Have you tried the slowp'ing back cut?


----------



## Whitespider (Apr 17, 2015)

the GOAT said:


> _*Have you tried the slowp'ing back cut?*_


        

*I'VE MOVED HERE*


----------



## Wow (Apr 19, 2018)

By slopping back cut do you mean a high angle back cut while cutting toward the hinge?
I'd think a tiny bit of angle my work but IMHO a steep angled back cut puts to much pressure on the hinge. There is a chance the hinge could sheer if you are cutting a heavy back leaner. I never cut angled back cuts. A horizontal back cut made in line with or slightly above the hinge line, when properly wedged has always worked well for me. If the hinge sheers that tree can fall anywhere. I'd NEVER recommend an angled back cut but I've seen it done on small trees even though it's been known to work I didn't think it's worth the wrist. On small trees that can be hand guided or pulled with a rope, I like a Snap or bypass cut. On small back leaners when I'm being lazy I may make a small face cut then bore through the center front to back making a wedge clearance slot. Then open the slot, drive a wedge, cut both sides up to the hinge and drive the wedge till she falls. One an especially severe leaner I've cut one face cut, bore cut and driven a wedge but it was still leaning back. So I cut another face cut above the first one and plunged it and repeated the same way until the tree went down. It looked kinda kinky backed. The danger is that center section may double back and both hinges snap. I've got plenty of all size ropes and tossing a rope over a limb is the safest method. This is my opinion, yours may vary.


----------



## ArtB (Apr 19, 2018)

Small tree, just put he excavator or backhoe bucket against the trunk and push (occasionally pull) the little thing over.
Or I pull with sufficient length wire rope. 
Have never tried that wedge in a slot technique.


----------



## old CB (Apr 19, 2018)

That wedge in the slot trick is popular here where we have lots of small trees. But like Bitzer pointed out, the weakness is that you now have just two narrow pieces of holding wood--insufficient--and when you pound the wedge it's easy to pop one of the two, and now the tree wants to go sideways or elsewhere.


----------



## Canyon Angler (Apr 24, 2018)

For cases where it's not entirely clear which part of a downed tree is in compression and which part is in tension, I saw a good tip for using a "tongue and groove" cut while bucking to determine how the tree wants to move here:

<>

Jump to 41m46s from the beginning...

Looks like a neat trick for when you're not sure what the tree will do when severed...


----------



## RandyMac (Apr 24, 2018)

Gak, GOL gayness


----------



## bitzer (Apr 24, 2018)

RandyMac said:


> Gak, GOL gayness


Yep


----------



## madhatte (Apr 24, 2018)

Doesn't address side bind at all, either. The bind that's gonna get you is the one that you aren't paying any attention to.


----------



## Canyon Angler (Apr 25, 2018)

madhatte said:


> Doesn't address side bind at all, either. The bind that's gonna get you is the one that you aren't paying any attention to.

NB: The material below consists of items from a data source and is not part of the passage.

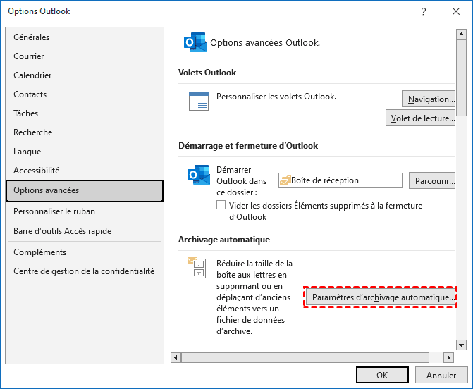 - Outlook 2010/2013/2016/2019 : Fichier > Options > Options Avancé > Paramètres d'archivage automatique.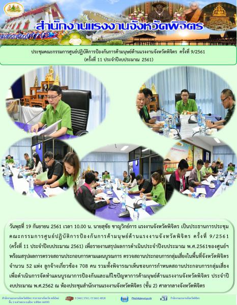 วันพุธที่ 19 กันยายน 2561 เวลา 10.00 น. นายสุชัย ชาญวิกย์การ แรงงานจังหวัดพิจิตร เป็นประธานการประชุมคณะกรรมการศูนย์ปฏิบัติการป้องกันการค้ามนุษย์ด้านแรงงานจังหวัดพิจิตร ครั้งที่ 9/2561 (ครั้งที่ 11 ประจำปีงบประมาณ 2561) เพื่อรายงานสรุปผลการดำเนินประจำปีงบประมาณ พ.ศ.2561ของศูนย์ฯ พร้อมสรุปผลการตรวจสถานประกอบการตามแผนบูรณการ ตรวจสถานประกอบการกลุ่มเสี่ยงในพื้นที่จังหวัดพิจิตร จำนวน 52 แห่ง ลูกจ้างเกี่ยวข้อง 708 คน รวมทั้งพิจารณาเห็นชอบการกำหนดสถานประกอบการกลุ่มเสี่ยงเพื่อดำเนินการจัดทำแผนบูรณาการป้องกันและแก้ไขปัญหาการค้ามนุษย์ด้านแรงงานจังหวัดพิจิตร ประจำปีงบประมาณ พ.ศ.2562 ณ ห้องประชุมสำนักงานแรงงานจังหวัดพิจิตร (ชั้น 2) ศาลากลางจังหวัดพิจิตร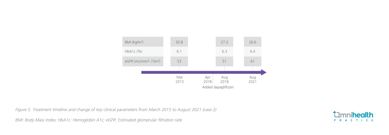 An 87-year-old, functionally independent, overweight lady had a past medical history of hypertension, hypercholesterolemia, hyperuricemia, multiple minor strokes, congestive heart failure, gout, T2D, depression, osteoporosis, insomnia, dementia, and rapid eye movement (REM) sleep disorder. With these multiple comorbidities, she had been treating with 14 medications. In 2015, her eGFR was 53mL/min/1.73m2 (i.e., stage 3 CKD), and was treated with irbesartan for her hypertension. In 2018, the issue of getting overweight with this patient became worse, with her body mass index (BMI) reaching 30.8kg/m2. Dapagliflozin was started for further control on T2D in early 2018, before it was approved as CKD treatment. The patient's overweight issue improved during the first 4 months of treatment, with eGFR of 51mL/min/1.73m2. Over 3 years of treatment, Dr. Shea was surprised that the patient’s eGFR started to rebound and increase gradually to 61mL/min/1.73m2 in 2021, which has been sustained as of today (figure 5). The patient tolerated the drug well with no reports of AEs.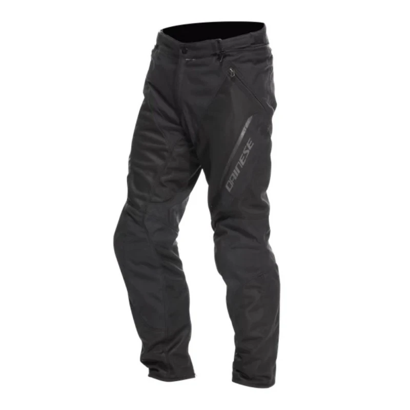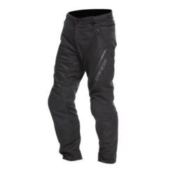 Pantalón DAINESE Drake 2 Super Air Tex negro / negro. Diseñados para salidas en moto en pleno verano, los Drake 2 Super Air Tex son unos pantalones de moto hechos de tela suave y ligera, construidos con una gran superficie de malla para garantizar al motociclista la máxima ventilación incluso en los días más calurosos.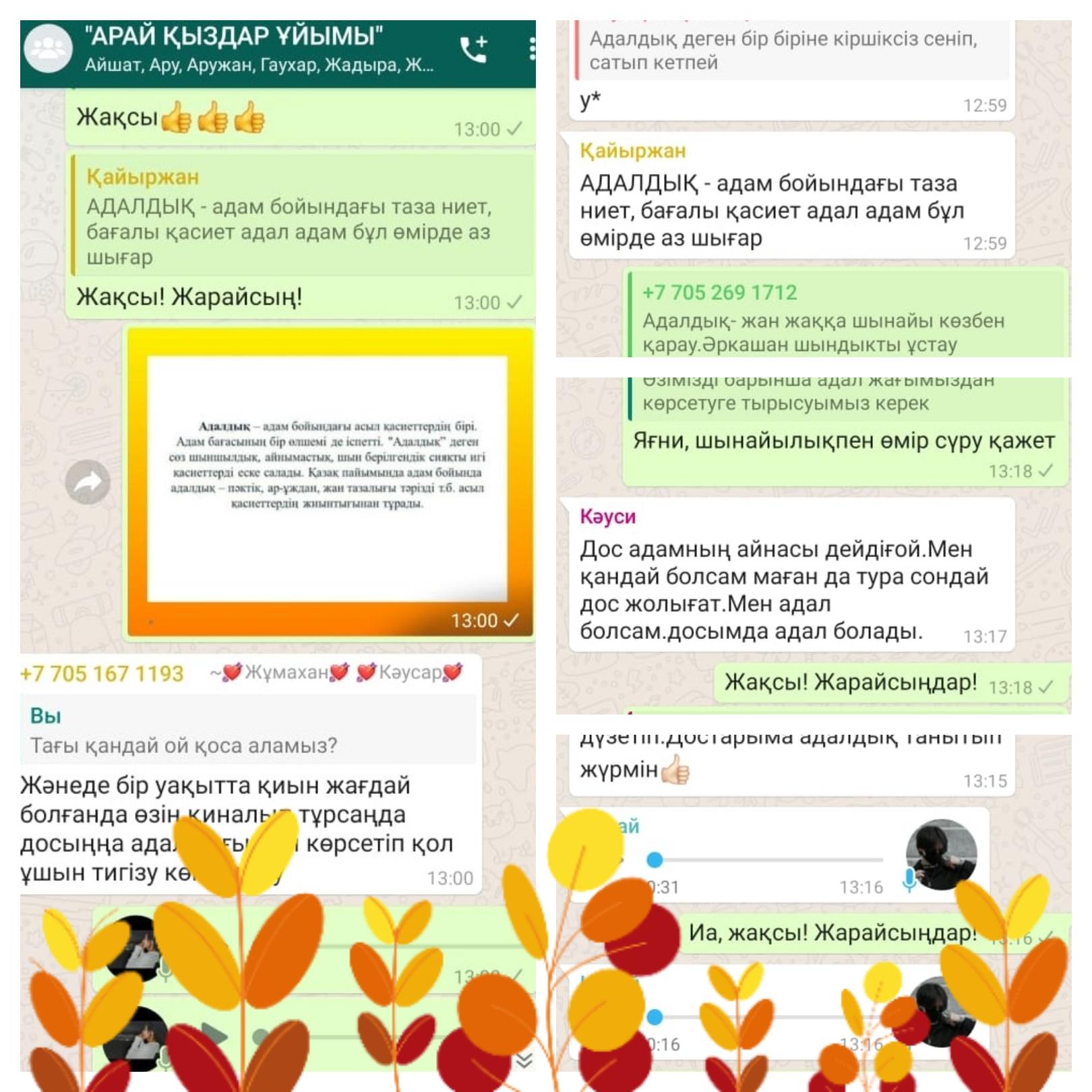 «І.Жансүгіров атындағы орта мектебі, мектепке дейінгі шағын орталығымен» коммуналдық мемлекеттік мекемесінде сыбайлас  жемқорлыққа қарсы мәдениетті қалыптастыру бойынша  «Арай» қыздар ұйымы мүшелерінің  қатысуымен оқушыларға өмірде ата-анаға, досқа адал бола білуге баули  отырып, әр адамның адал ісі мен адамдығы көрінетінін білуге тәрбиелеу, адамгершіліктің жоғары этикалық нормалары екендігіне көз жеткізу; татулық, достық адами қасиеттердің өмірдегі маңыздылығын түсіндіру. Адамдардың өмірінде әділдік пен адалдықтың алатын орны ерекше екені туралы ой - пікірлерін кеңейту; көркем шығармадағы және қоршаған ортадағы достық қарым – қатынастың көріністерін бағалау қабілеттерін дамыту мақсатында  «Арай» қыздар ұйымының жетекшісі А.Ә.Ахметқалидің  ұйымдастыруымен «Адалдық жүрген жерде –адамдық жүреді» деген тақырыпта  пікіралмасу жүргізілді.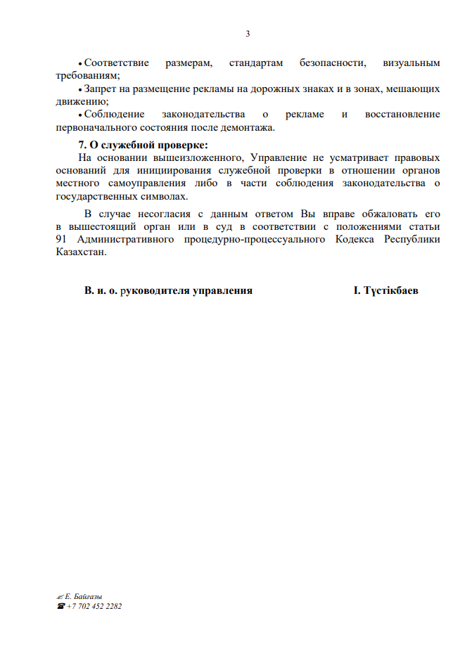 Редакция бильборд кімнің бастамасымен орнатылғаны туралы және рұқсат қағаздары мен төлем құжаттары туралы сауалнамаға қосқан болатын. Өйткені баннерде заң талап ететін бірде-бір міндетті реквизит көрсетілмеген.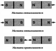 Рис. 3.13. Взаимодействие полюсов магнитов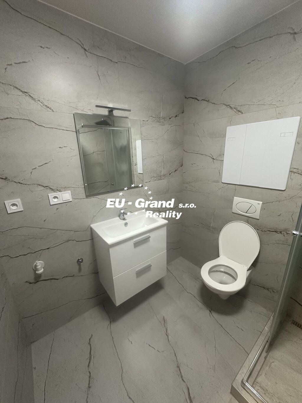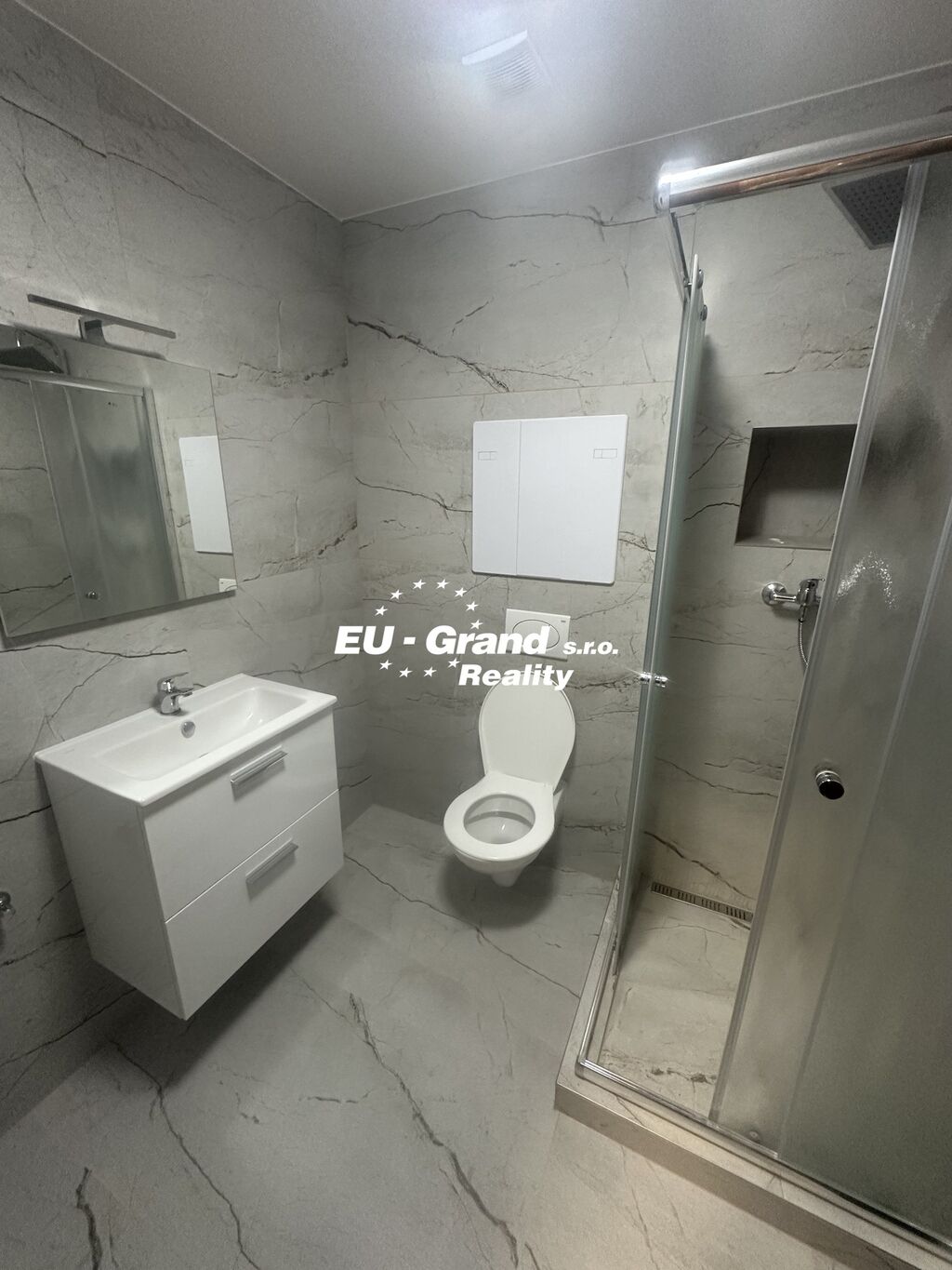 Koupelna je společná s WC. Je vybavená umyvadlem, sprchovým koutem a dostatečným prostorem pro umístění pračky.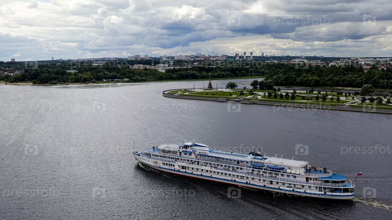 Россия, Ярославль - 14 августа 2020 г.: Круизный лайнер "Павел Божев" проходит по Волге вдоль парка на Стрелке (Стрелке), вид с воздуха
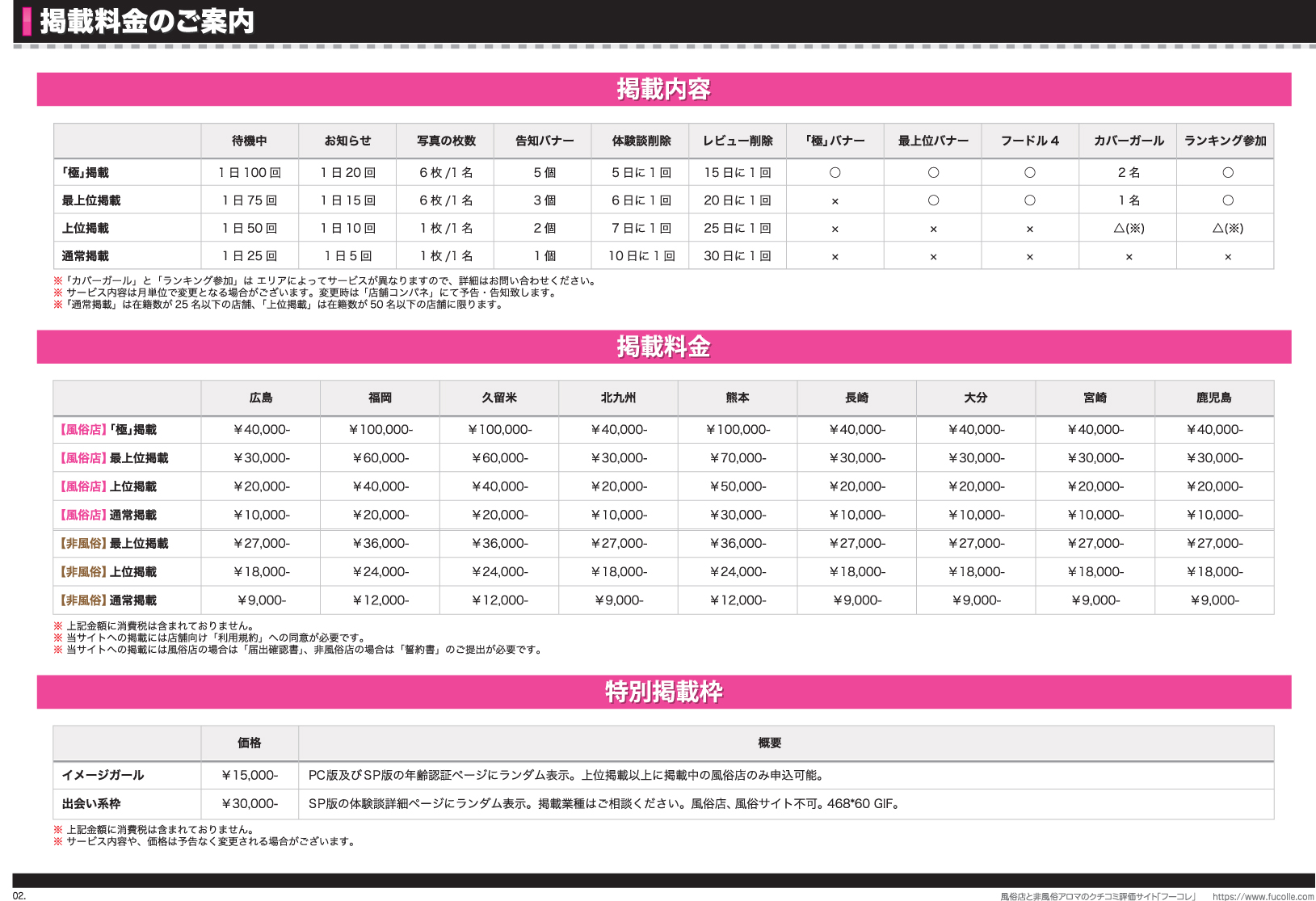 - 掲載可能業種:ソープランド、トクヨク、デリヘル、出張アロマ、非風俗アロマ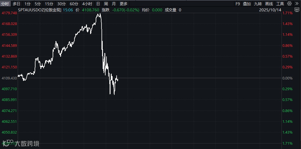 不过,午后,金价突然直线跳水至翻绿,最低触及4089.885美元/盎司,较日内高点跳水超2%。截至记者发稿时,现货黄金报4108.76美元/盎司,下跌0.02%。年初以来,金价的涨幅仍超过56%。

Really? Since you have open kerfs on the top, bottom, left and right (3, 6, 9 and 12 o'clock) it seems to me that it should reveal bind/strain/stress in pretty much any direction, as the kerfs either open, close or bind the bar...

Or am I not understanding what you mean by "side bind"?


----------



## Gologit (Apr 25, 2018)

RandyMac said:


> Gak, GOL gayness


 Yup. Too much monkey motion.


----------



## 2dogs (Apr 25, 2018)

This is a commonly used technique in the great palm forests of the Pacific Northwest.


----------



## northmanlogging (Apr 25, 2018)

Canyon Angler said:


> For cases where it's not entirely clear which part of a downed tree is in compression and which part is in tension, I saw a good tip for using a "tongue and groove" cut while bucking to determine how the tree wants to move here:
> 
> <>
> 
> ...



Only watched part of this... i feel dumber now...

I'll watch it later when i can skip the lame parts easier...

Shouldn't take 40 minutes to fall a tree even if you stop and describe every step


----------



## Canyon Angler (Apr 25, 2018)

northmanlogging said:


> Shouldn't take 40 minutes to fall a tree even if you stop and describe every step



Like I said, jump to 41:46 for the material in question


----------



## 2dogs (Apr 25, 2018)

Canyon Angler you obviously have no experience logging. No, cutting a few cords of firewood doesn't provide the experience or the variety of situations that allows you to express your nonsensical opinions on every situation that pops up here in the F&L forum. While you are polite you argue nearly every answer to the questions you have raised. I doubt you are learning anything, from wedges, to boots lacing, cutting a face. You really should go to Chainsaw and hang out there because I think you are building a very poor reputation here. BTW I have had you on ignore for a couple of weeks but I logged out and reread your recent posts.


----------



## madhatte (Apr 25, 2018)

Canyon Angler said:


> Really? Since you have open kerfs on the top, bottom, left and right (3, 6, 9 and 12 o'clock) it seems to me that it should reveal bind/strain/stress in pretty much any direction, as the kerfs either open, close or bind the bar...
> 
> Or am I not understanding what you mean by "side bind"?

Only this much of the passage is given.